Just a few sessions with a lactation consultant can pay off, Bonuck said. "You will understand the normal physiology of how the milk is produced," she said. The consultant, working with a doll, can help women practice the best positions to breast-feed and get comfortable with the concept.

* Be sure the hospital personnel know you want to breast-feed.

"Make your wishes known," Bonuck said. "Some [hospitals] have cards that say, 'Breast-feed only.' " That reduces the risk of confusion and your baby mistakenly getting a bottle of formula, Bonuck said. She also advises mothers-to-be to tell the hospital staff about other preferences, such as no pacifiers.

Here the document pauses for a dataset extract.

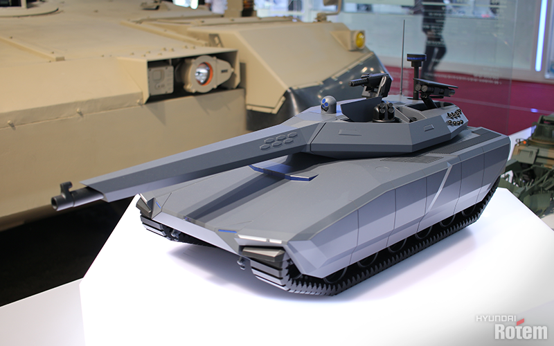 현대로템은 전력화된 K2전차에 이어 인공지능 기반의 차세대 전차도 개발 중입니다. 차세대 전차는 ADEX 2019에서 미래적인 디자인으로 첫 공개되며 큰 주목을 받았는데요. 차세대 전차에는 인공지능 기반 차량운용체계, 유무인 복합 운용기술, 능동방호장치, 다목적 드론 등 첨단 장비가 대거 탑재될 예정입니다.

* Breast-feed as soon as your baby is born.

Breast-feeding immediately after birth -- even before the baby is cleaned up -- is preferable, Bonuck said. "Bring an advocate with you," she suggested. This person will help to make sure your wishes are carried out.

* Keep the baby with you as much as possible while in the hospital.

"Make your wishes known," Bonuck advised. She prefers keeping the baby in the mother's room, not in the nursery, because it gives mother and baby a chance to practice breast-feeding. "It's not a spa," she said of the hospital stay.

* Get help once you return home.

Enlist the support of family members or friends once you are back home, Lebbing advised. "You need someone to cook and help around the house, especially in the first month," she said. If you have other children, get some child-care help. Relieving some of the stress of a newborn can help new moms focus on the important task of breast-feeding, Bonuck and Lebbing said.